What to work on: The material below holds pictures; leave them out, and copy exactly, and only, the lines from the one with "上海药皂硫磺净痘液体香皂2瓶装洗脸洗发皂清洁硫磺皂家庭沐浴皂" through the last.
::::
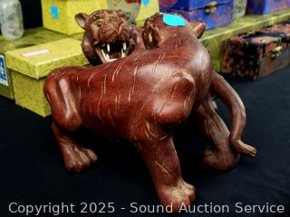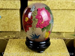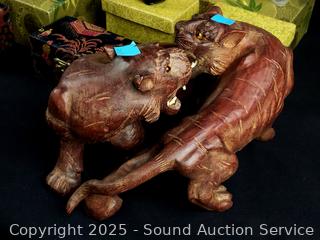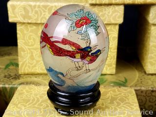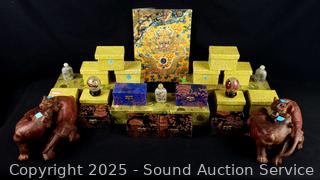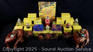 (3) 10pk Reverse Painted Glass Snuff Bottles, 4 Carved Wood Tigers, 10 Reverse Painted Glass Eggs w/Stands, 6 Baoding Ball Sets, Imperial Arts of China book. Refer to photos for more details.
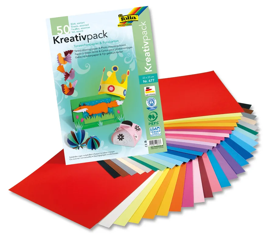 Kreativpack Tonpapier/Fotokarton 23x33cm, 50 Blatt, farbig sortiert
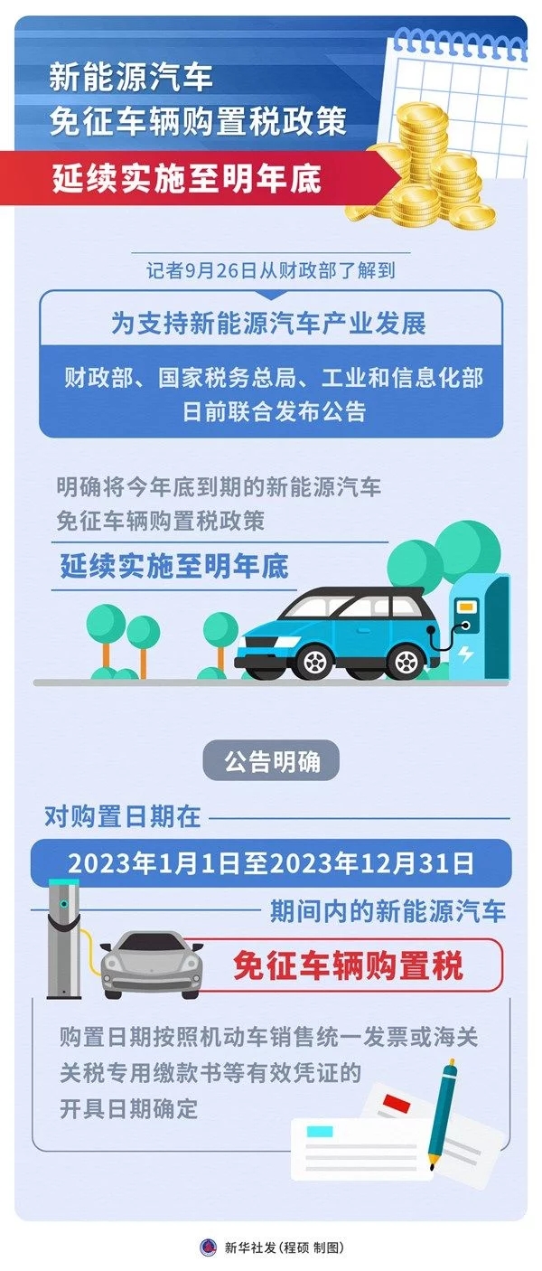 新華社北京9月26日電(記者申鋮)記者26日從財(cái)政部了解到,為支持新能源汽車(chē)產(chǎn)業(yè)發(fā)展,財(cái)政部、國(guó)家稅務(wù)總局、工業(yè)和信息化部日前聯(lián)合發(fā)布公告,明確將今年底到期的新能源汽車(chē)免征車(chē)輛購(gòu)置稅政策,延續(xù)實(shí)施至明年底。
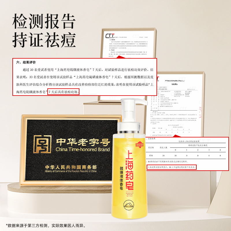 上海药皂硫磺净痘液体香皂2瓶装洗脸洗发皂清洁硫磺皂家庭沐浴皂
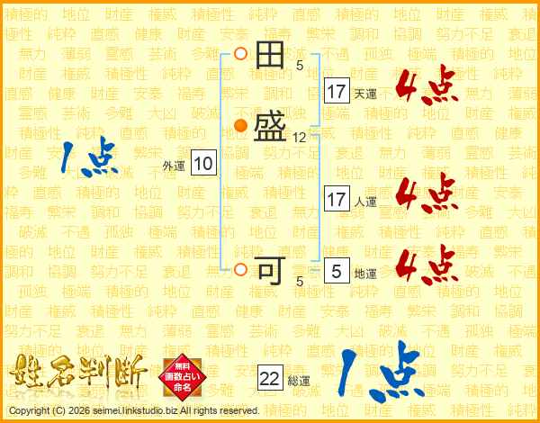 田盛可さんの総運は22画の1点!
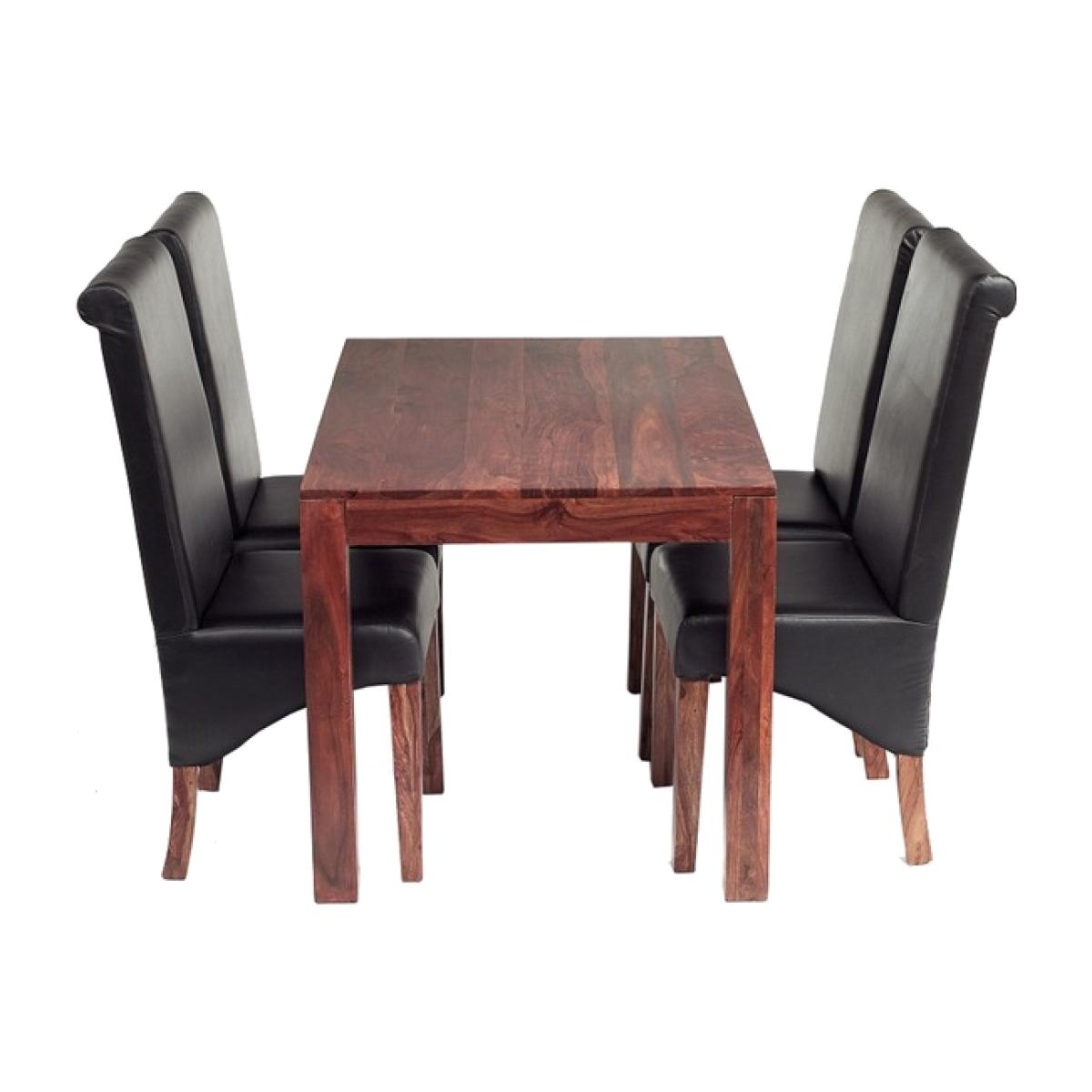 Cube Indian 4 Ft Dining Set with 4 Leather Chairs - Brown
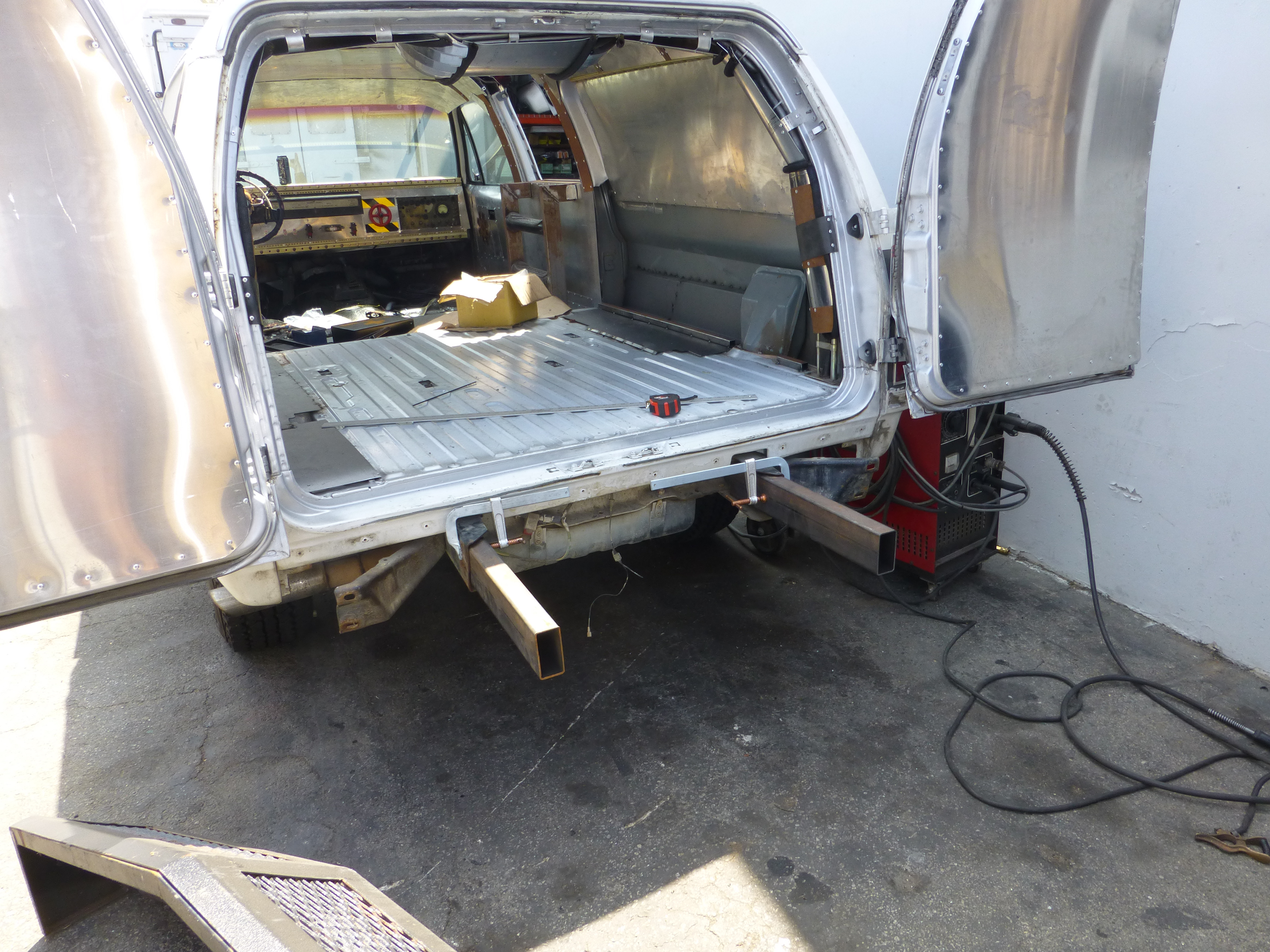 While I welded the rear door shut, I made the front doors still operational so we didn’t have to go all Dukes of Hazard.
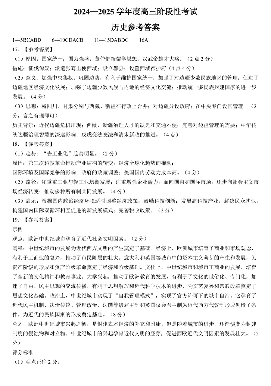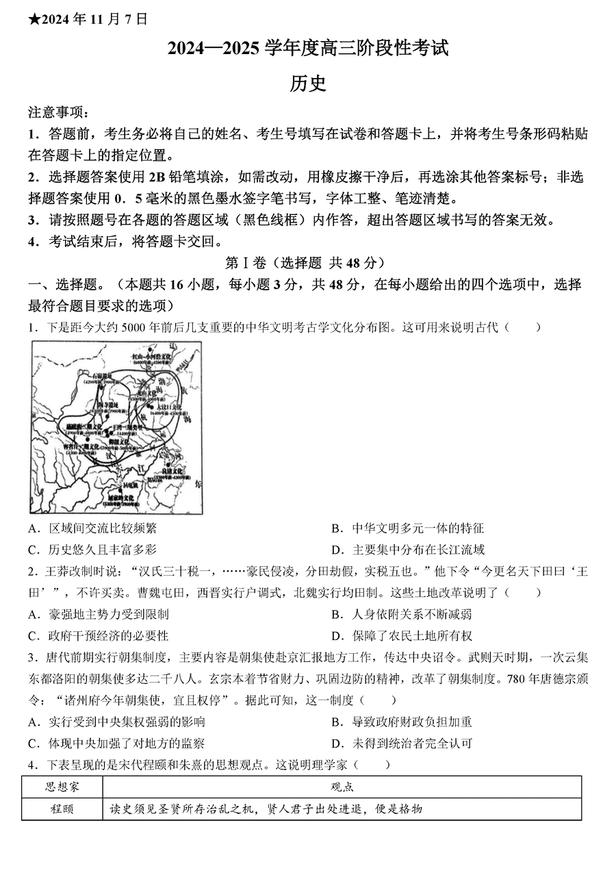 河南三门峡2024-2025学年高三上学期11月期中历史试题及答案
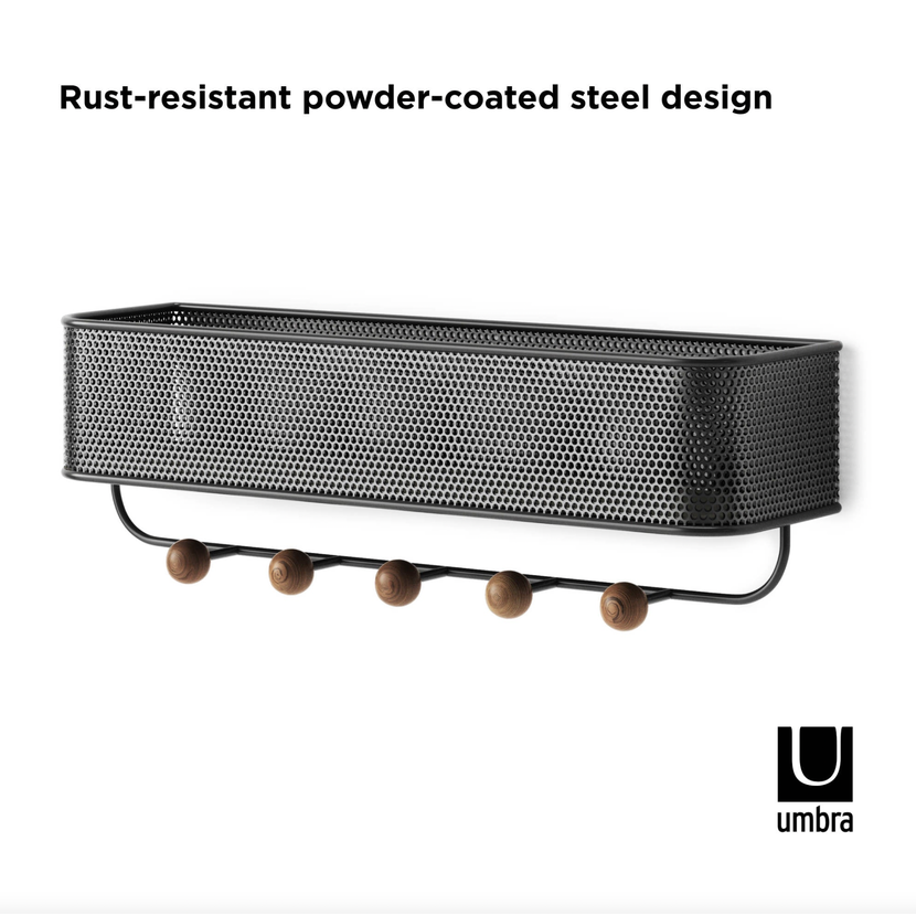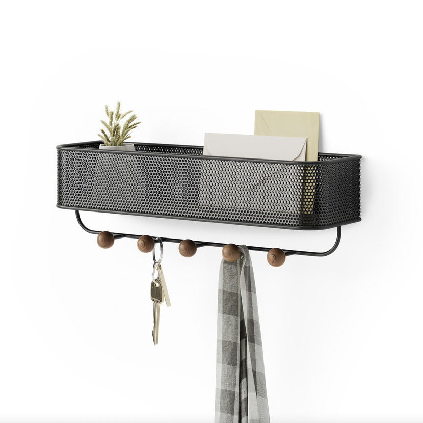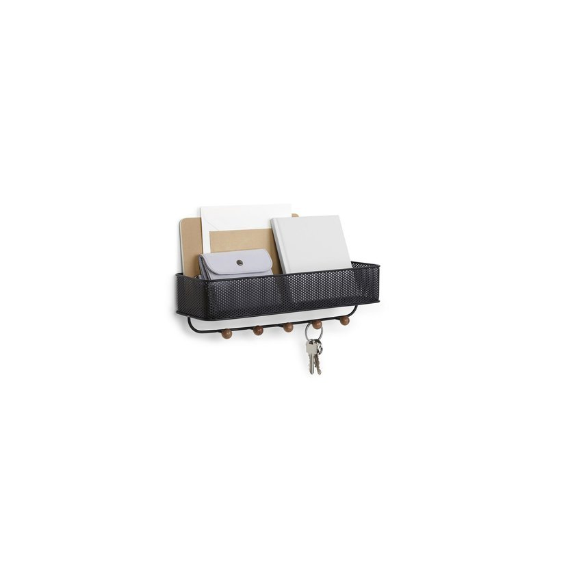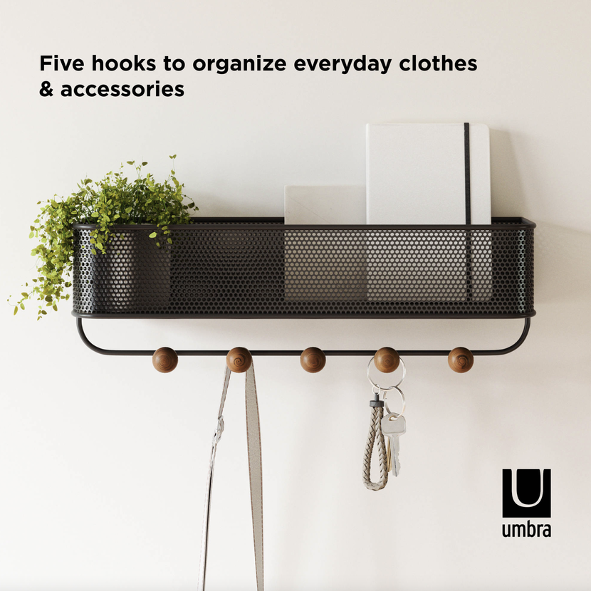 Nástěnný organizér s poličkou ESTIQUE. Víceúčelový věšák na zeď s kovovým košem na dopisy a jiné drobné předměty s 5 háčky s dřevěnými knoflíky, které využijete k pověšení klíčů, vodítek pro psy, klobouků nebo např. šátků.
::::
Response to the exercise:
 上海药皂硫磺净痘液体香皂2瓶装洗脸洗发皂清洁硫磺皂家庭沐浴皂
 田盛可さんの総運は22画の1点!
 Cube Indian 4 Ft Dining Set with 4 Leather Chairs - Brown
 While I welded the rear door shut, I made the front doors still operational so we didn’t have to go all Dukes of Hazard.
 河南三门峡2024-2025学年高三上学期11月期中历史试题及答案
 Nástěnný organizér s poličkou ESTIQUE. Víceúčelový věšák na zeď s kovovým košem na dopisy a jiné drobné předměty s 5 háčky s dřevěnými knoflíky, které využijete k pověšení klíčů, vodítek pro psy, klobouků nebo např. šátků.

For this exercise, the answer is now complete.